Methods for sentiment classification

      Nowadays, e-shopping is no longer a strange concept to most people. Through the Internet, what we need to do is just to click the mouse to choose the commodity we want, saving our time and energy greatly. When we make our decisions, apart from our personal factors, other people’s comments may also influence our choice.
     Not only in e-shopping, but also in many other areas, the comments associated with the entity play a more and more important role in our daily life. Thus, making a statistics would be meaningful to divide these comments into three classes including positive, neutral and negative ones.
    There are many methods to realize this function, while one of them is dictionary-based. In this method, each word will be given a score depending on the distance from three polarities which is recorded in the dictionary set up in advance. Even though it maybe easy to deal with a single word, however also has its own limitations.
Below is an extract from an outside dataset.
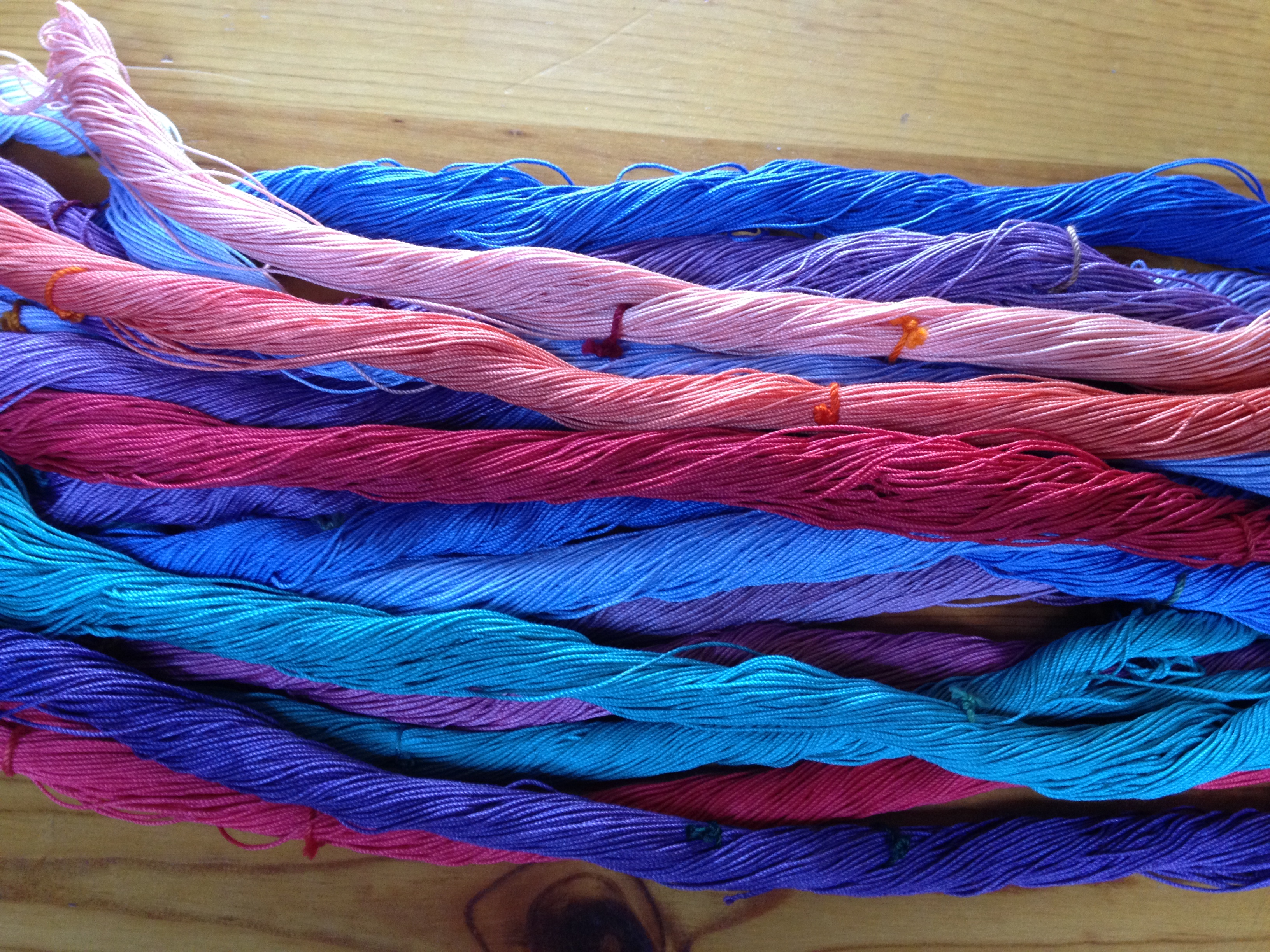 I picked up some new dye colors and played around with them this week. Â Here’s what I ended up with. Â They turned out much brighter than the last few batches, which is exactly what I was going for. Â I’m very excited about how the orange and teal came out. Â Came out with a nice set of different shades of purple as well. Â Only catch is that I never seem to use up all the thread I dye. Â Guess I know what I’m giving to the tatters on my Christmas list!

One is that can not operate words not included in the dictionary, so great deal of time is required to build and update the dictionary.
    There is another method called supervised learning which can work more efficiently if we have some documents which we have known their sentiment class already. Using these documents, we can train a classifier to simplify our latter work. When a new word coming, it would get a score in the classifier and be dropped into corresponding class according to the thresholds. In this way, new words can be classified and the classifier will be updated at the same time. Meantime, the problem of this method is its low ability to resist error. When the meaning of a word fuzzy, it is much easier for classifier to give it a score near to the threshold which would probably lead to a wrong classification. This would introduce error to the system and the error accumulation would happen during updating, making classifier work worse and worse as time goes by.
figure1 classify a new word
figure2 error happens
figure3 error accumulation

    Therefore,we should choose different methods due to corresponding situation to control the workload and efficiency.   

2014年9月29日星期一

Some thoughts about Natural Language Processing

     With the widely use of electronic products in our daily life, how to improve the quality of communication between people and electronic products becomes more and more important. Under this situation, the concept of Natural Language Processing comes into people's sight. There are two parts of NLP. One is Natural Language Generation System, aiming to convert computer data into natural language. The other one is natural language understanding system, which can transform natural language to a easier mode for computer to understand.
     Even though when we communicate with the computer in limited words, NLP performs well. However when this system is put into the environment with more uncertainty and ambiguity, what we get disappoints us. The reasons leading to the decline mainly include the difficulty to define the boundary between words, vocabulary polysemy, syntax blur and non-standard input. Here is an example. When we say "hehe", it maybe means a politely refusal, or it can also show a disdain to what we heard. In addition, the implied mean behind the sentences also brings some confusedness. If I say "would you please bring me the salt?", what I really mean is hoping you to bring the salt to me, not a simply "Yes".
     Depending on the problems existing in NLP nowadays, we need to do some targeted improvements. Firstly, taking more processing on real text instead of traditional analysis based on grammar. Secondly, updating the glossary in time. Finally, focus on both shallow and deep layer of understanding when analyzing. If we can find a suitable method to implement such measures, NLP would probably perform much better in near future.